▸ **DATASET ENTRIES**
========================
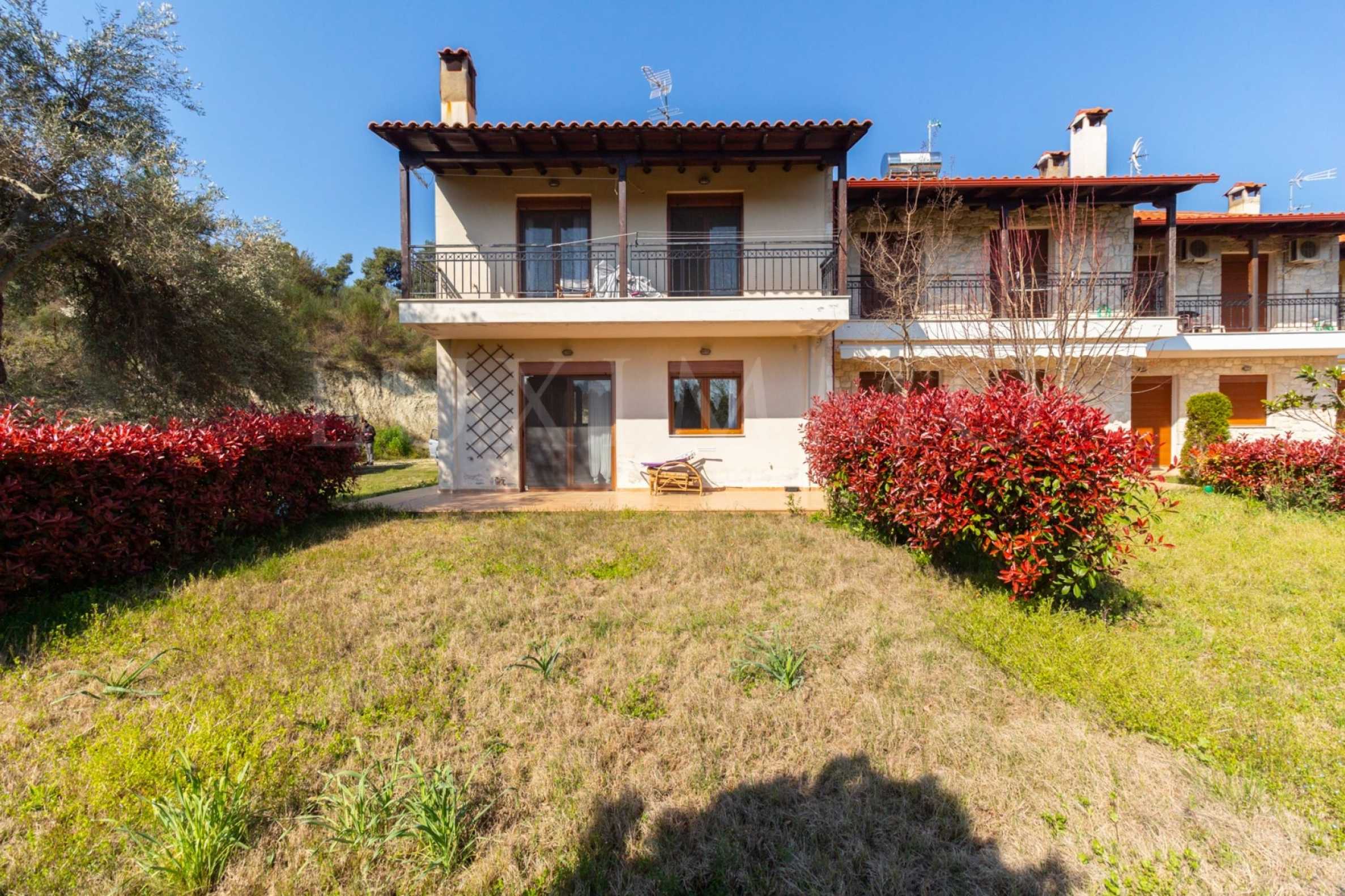 Ъглов мезонет, 90 кв.м, в Касандра, Халкидики с източна ориентация и с безпрепятствен постоянен изглед. Имотът е в комплекс от пет къщи и е на 2 км от плажа и центъра на селото. Мезонетът е разделен на две нива, състоящи се от хол, свързан с кухнята, две спални, една баня, тоалетна и две помещения за съхранение. Имотът също има място за паркиране, блиндирана врата и просторна частна градина.
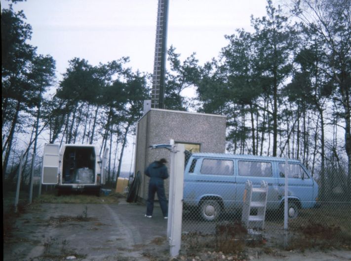Vorbereitungen zur Installation der Antenne. Ein ganz Mutiger ist später bis zur Mastspitze gestiegen und hat die Antenne montiert. Die umgebauten Telefonhäuschen sind sind hinter dem Funktionsgebäude angebracht. |
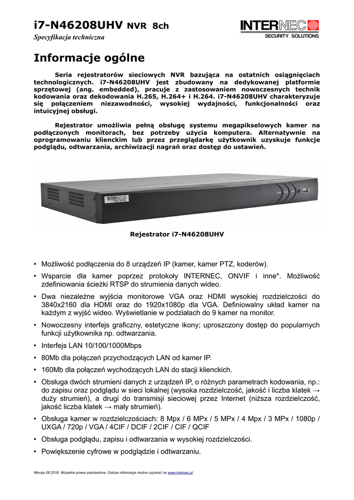 i7-N46208UHV NVR 8ch Informacje ogólne
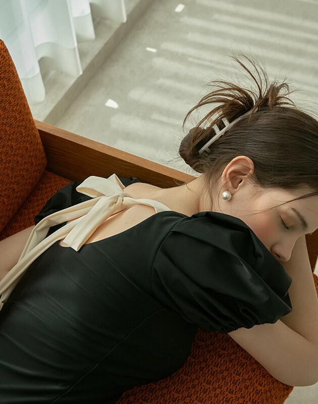 백리스 디자인으로 세련된 아웃핏을 연출하고,
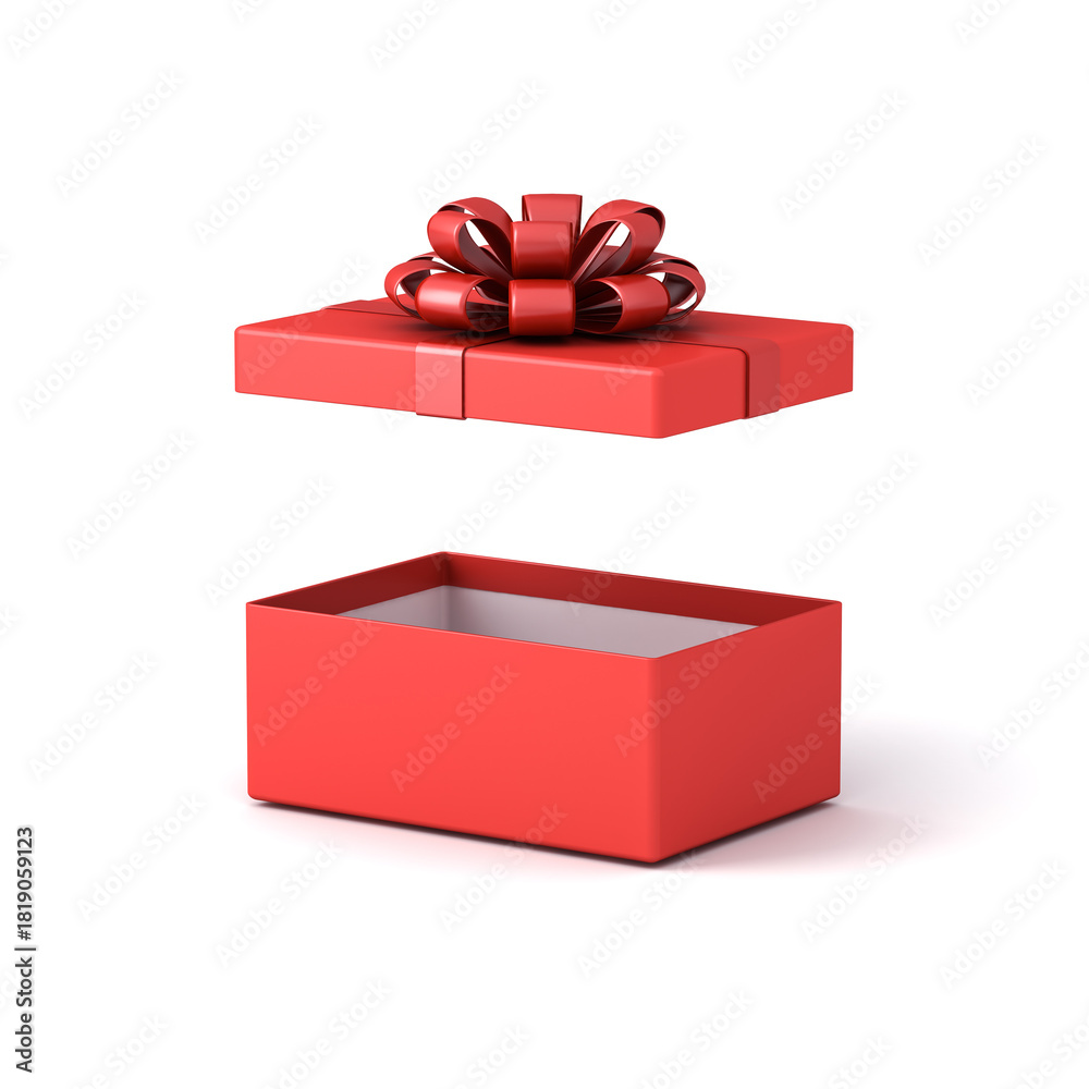 • Red present box open with white inside product display mock up showcase or blank red rectangle gift box with red ribbon bow isolated on white background with shadow creative idea concepts 3D rendering
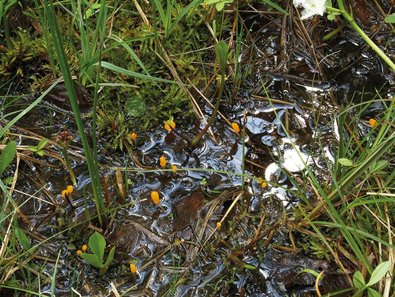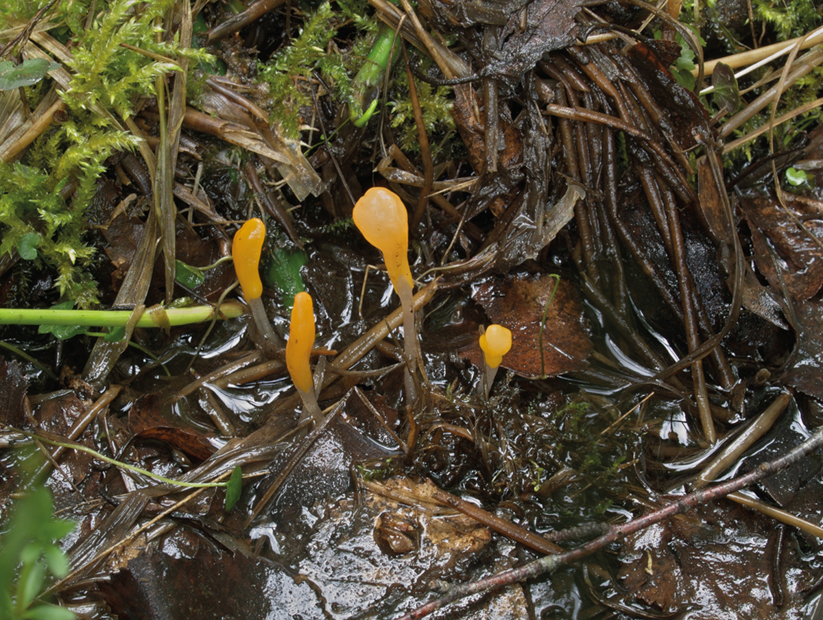 Zum "Pilz des Jahres" wurde 2023 der Sumpf-Haubenpilz (Mitrula paludosa) gewählt. Diese kleine Schlauchpilz-Art erinnert mit ihrem dotterfarbenen Kopf auf schlankem Stil an ein Streichholz. Je nach Witterung kann man den keuligen Fruchtköper von Februar bis Juli antreffen.
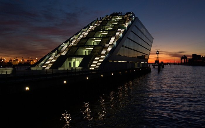 Beleuchtetes Dockland an einem Winterabend.
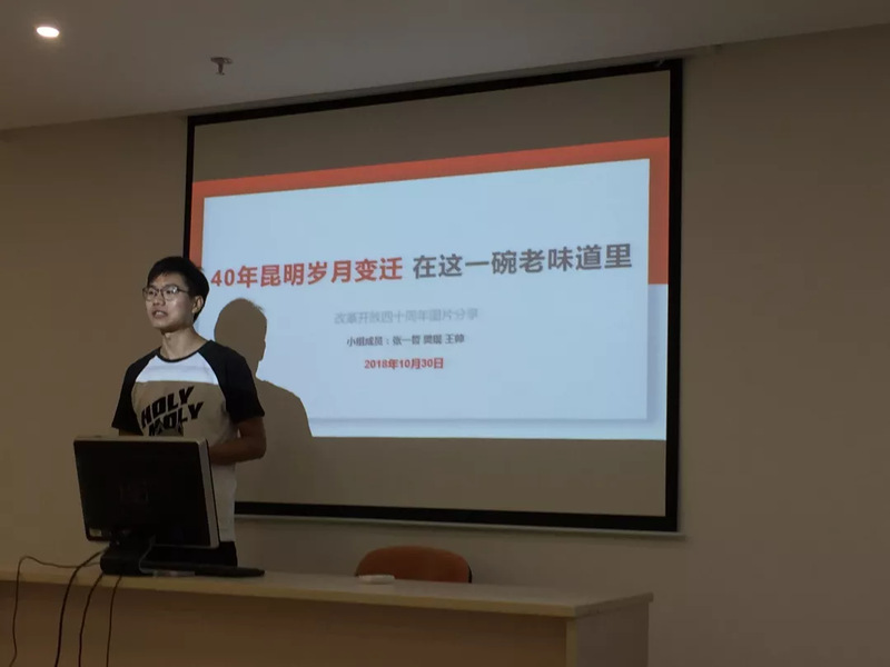 王帅同志首先发言,他从家乡随处可见的街景变化写起,立体地呈现出改革开放带动经济腾飞,让老城旧貌换新颜的巨大能量。随后将视线聚焦于家乡特色的街边美食,介绍了德胜桥创始人杨美淮乘着改革开放春风经商创业的故事,从一碗豆花米粉中窥见昆明四十年来的改天换地。
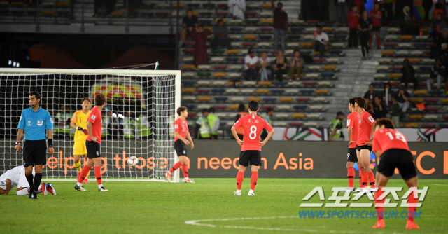 한국과 카타르의 2019 AFC 아시안컵 8강전 경기가 25일(현지시간) 아랍에미리트 아부다비 자예드 스포츠시티 스타디움에서 열렸다. 후반전, 카타르 하템에게 선제골을 허용하고 있다. 아부다비(아랍에미리트)=허상욱 기자 wook@sportschosun.com/2019.01.25/
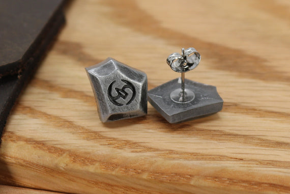 Samurai Job Icon Stainless Steel Studded Earrings Pair - FFXIV
========================
▸ **WHAT IS EXPECTED**
Above this task is a listing with pictures in it. Retype only the lines from the one containing "bis Juli antreffen." through the one containing "Beleuchtetes Dockland an einem Winterabend.", both included, and not the pictures.

▸ **WRITTEN REPLY**
 Zum "Pilz des Jahres" wurde 2023 der Sumpf-Haubenpilz (Mitrula paludosa) gewählt. Diese kleine Schlauchpilz-Art erinnert mit ihrem dotterfarbenen Kopf auf schlankem Stil an ein Streichholz. Je nach Witterung kann man den keuligen Fruchtköper von Februar bis Juli antreffen.
 Beleuchtetes Dockland an einem Winterabend.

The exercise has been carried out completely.